Efforts to maximally compensate for the underlying disease, prevention and early treatment of complications, and especially personalized care with the possibility of innovative therapy in patients with good compliance while meeting genetic and age aspects, is the essence of the current therapeutic approach to patients with CF. With the discovery and introduction of innovative therapy with CFTR protein modulators into clinical practice, the quality of life of patients and the prognosis of the disease have significantly improved since 2012.

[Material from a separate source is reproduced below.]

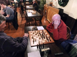 De partijen van Peter en Henny gingen ook verloren. Ik heb het verloop van hun partijen, omdat ik zelf een lange partij speelde waar ik al mijn aandacht voor nodig had, niet meer meegekregen. Er is vast het nodige mis gegaan maar wat precies horen we volgende week wel. We stonden dus rond 22.45 uur met drie nul achter. Heel jammer.
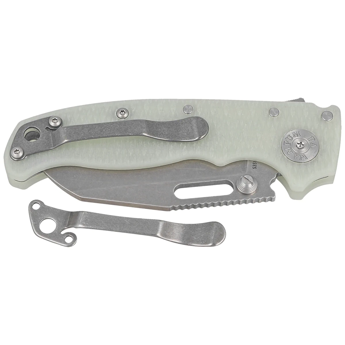 Handle - grips made of G10 composite, a virtually indestructible material that is resistant to weather, chemicals and mechanical damage. The beveled edges of the covers eliminate sharp edges and the characteristic surface texture improves grip. A single-position, right-handed clip allows the knife to be carried in a tip-up position, with the tip of the blade facing up. A clip for left-handers is included in the set.

There are currently four types of CFTR modulators available in the Czech Republic: the ivacaftor potentiator alone (Kalydeko) or in combination with the lumacaftor corrector (Orkambi), the tezacaftor corrector (Symkevi), or two elexacaftor and tezacaftor corrector (Kaftrio). If the indication criteria for causal therapy are not met, the effort remains to maximize the intensification of symptomatic treatment with the incorporation of PhysioAssist or Simeox into the daily regimen to facilitate expectoration and ensure effective airway clearance.
As the presented case report of a 13-year-old girl demonstrates, clinical. laboratory and functional benefits from causal threrapy can also be expected in CF patients who meet the indication for modulator treatment according to the U.S. Food and Drug Administration.